Не вопрос. Констатация.

Он замер.

Артемий: Простите… Женщина: Нет. Ты. Ты как тогда. На том поезде. Только пальто другое. А лицо всё то же. Он открыл рот, но не сказал ничего. Она уже подняла руку и указала на противоположное сиденье. Женщина: Садись. Путь ещё долгий. А мы не зря пересеклись дважды. Он сел. Артемий: Вы меня с кем-то путаете. Это… невозможно. Женщина покачала головой. Женщина: Здесь нет «возможно». Здесь есть только «было» и снова будет. Она вздохнула. Не с грустью – с принятием. В окно качнулся пейзаж – впервые за всю дорогу. Короткий мост. Ветки. Свет над водой. Женщина: Сейчас пройдёт проводник. Он спросит, куда ты едешь. Скажи правду. Только один раз можно. И только один раз – вслух.
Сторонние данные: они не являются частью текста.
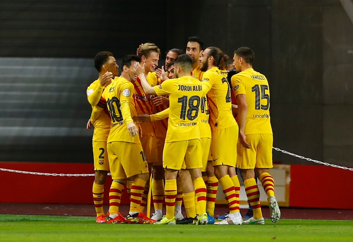 El Barcelona ganó la Copa del Rey 2020-2021 con una goleada 4-0 sobre el Athletic de Bilbao, que perdió su segunda final en este torneo en un plazo de apenas dos semanas, a lo que contribuyó esta vez Lionel Messi con un doblete.

Артемий не отводил взгляда. Она тоже. Поезд шёл. И в нём не было лишних пассажиров. Шаги слышались слабо. Не потому что тихо шёл – просто вагон был таким: здесь звуки глушились, как если бы под полом лежало не железо, а ткань. Поезд не ускорялся, не замедлялся. Он плыл. Внутри – свет оставался неизменным, а за окнами сменялось не время суток, а настроение воздуха. Артемий вышел в коридор. Женщина в купе больше ничего не говорила. Окна запотели, и в отражении стекла он видел себя не сразу – только когда остановился у перегородки. Из дальнего конца показался человек. Идёт. Ровно. Не спеша. В руках – папка. Не жёлтая, не красная. Простая, серая, как вся эта дорога. Форма – как у проводника. Только фуражка без кокарды. И не звонит ничем: ни ключами, ни жетоном. Просто идёт. Остановился перед Артемием. Смотрел не в лицо, а чуть мимо – как будто фиксировал наличие, а не личность.

Проводник: Имя?

Артемий чуть замешкался.

Проводник: Только один раз. Не для проверки. Для записи.

Артемий: Артемий Белов.

Проводник кивнул. Открыл папку, лист перевернул. Не ручкой, а пальцем поддел.

Проводник: До?

Артемий: К родственникам.

Проводник медленно поднял глаза.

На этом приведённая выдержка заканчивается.